# Natalie Bennett



## dhutchy (Feb 7, 2010)

O Natalie dear Natalie i don't think politics is for you:crying::wink2:


----------



## Landyman (Apr 3, 2010)

She came over very well for quite a while, competent and well able to deal with most interviews.
Now, with the election getting closer and serious questions being asked, she just can't cope with the pressure.
It is all too simple to make all sorts of promises to grab votes but when an interviewer delves into the detail the promises start to look a bit daft.

Richard.


----------



## 4maddogs (May 4, 2010)

It was poor. Inexperience I expect. Ed Moribund forgot a whole section without the pressure of being interviewed and David Cameron forgot his child and left her on her own at a pub!


----------



## dhutchy (Feb 7, 2010)

Inexperience could in a way be forgiven for her poor performances but like all other academic politicians they should all have more experience before they go in to politics.The thing that bothers me is the fact that she just comes up with policies that she doesn't even seem to be able to recall how they worked out the cost of.I see the £72 a week to every person is back on the books again 
, nobody can even fathom where this money will come from nor can she.Her answer is we will tell you nearer the timenot good enough imo.


----------



## dghr272 (Jun 14, 2012)

4maddogs said:


> It was poor. Inexperience I expect.
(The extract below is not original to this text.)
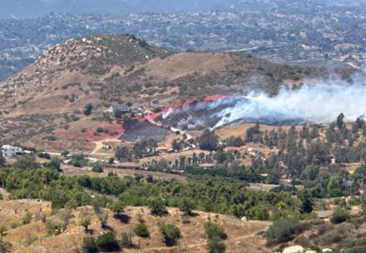 Just after 1:30 p.m. today, CAL FIRE initially reported that firefighters were at a scene of a vegetation fire at the 14950 block of Highland Valley Road in Ramona. The fire was initially reported at four acres with an an immediate structure threat.

Ed Moribund forgot a whole section without the pressure of being interviewed and David Cameron forgot his child and left her on her own at a pub!


Definitely inexperience, she must learn from the seasoned politicians...
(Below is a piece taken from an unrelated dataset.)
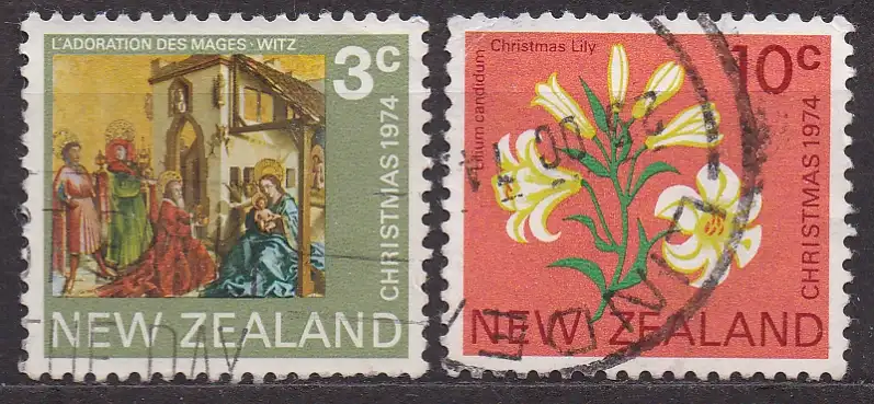 Neuseeland, Mi-Nr. 640 + 642 gest., Weihnachten 1974

When asked a question that you either, don't know the answer or don't want to answer.... You give a totally unrelated answer that's discredits another political party. >>>>

Terry


----------



## bognormike (May 10, 2005)

dhutchy said:


> , nobody can even fathom where this money will come from nor can she.Her answer is we will tell you nearer the timenot good enough imo.


a bit like UKIP's policies then? :wink2:


----------



## rowley (May 14, 2005)

bognormike said:


> a bit like UKIP's policies then? :wink2:


Or Millipedes.


----------